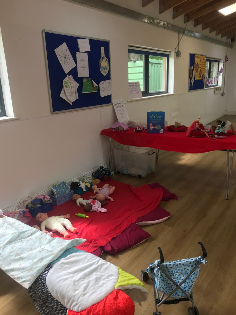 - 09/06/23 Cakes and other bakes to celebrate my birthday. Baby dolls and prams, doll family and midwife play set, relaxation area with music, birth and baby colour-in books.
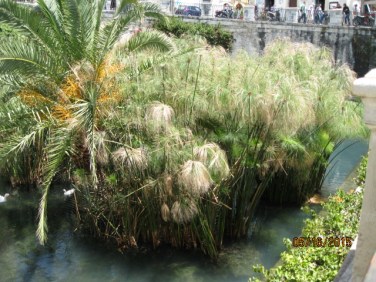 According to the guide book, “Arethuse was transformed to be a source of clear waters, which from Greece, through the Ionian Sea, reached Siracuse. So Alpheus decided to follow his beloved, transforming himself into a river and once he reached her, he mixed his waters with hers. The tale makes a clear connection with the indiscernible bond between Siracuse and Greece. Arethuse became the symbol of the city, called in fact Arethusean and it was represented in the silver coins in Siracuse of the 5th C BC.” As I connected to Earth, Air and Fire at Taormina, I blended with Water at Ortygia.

--

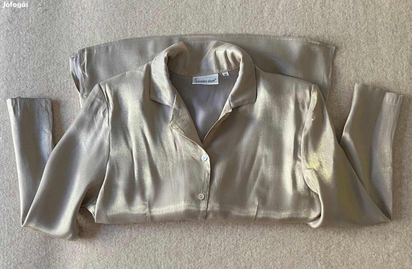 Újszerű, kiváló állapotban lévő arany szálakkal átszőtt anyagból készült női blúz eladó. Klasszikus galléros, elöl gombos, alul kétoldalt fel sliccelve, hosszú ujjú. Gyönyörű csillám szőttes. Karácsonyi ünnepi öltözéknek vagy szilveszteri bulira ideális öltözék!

§ What is being asked
Since the pictures are not part of the copy, please transcribe only the lines above from the one with "- 09/06/23 Cakes" through the one with "According to the", exactly and with both ends.

§ Written response
 - 09/06/23 Cakes and other bakes to celebrate my birthday. Baby dolls and prams, doll family and midwife play set, relaxation area with music, birth and baby colour-in books.
 According to the guide book, “Arethuse was transformed to be a source of clear waters, which from Greece, through the Ionian Sea, reached Siracuse. So Alpheus decided to follow his beloved, transforming himself into a river and once he reached her, he mixed his waters with hers. The tale makes a clear connection with the indiscernible bond between Siracuse and Greece. Arethuse became the symbol of the city, called in fact Arethusean and it was represented in the silver coins in Siracuse of the 5th C BC.” As I connected to Earth, Air and Fire at Taormina, I blended with Water at Ortygia.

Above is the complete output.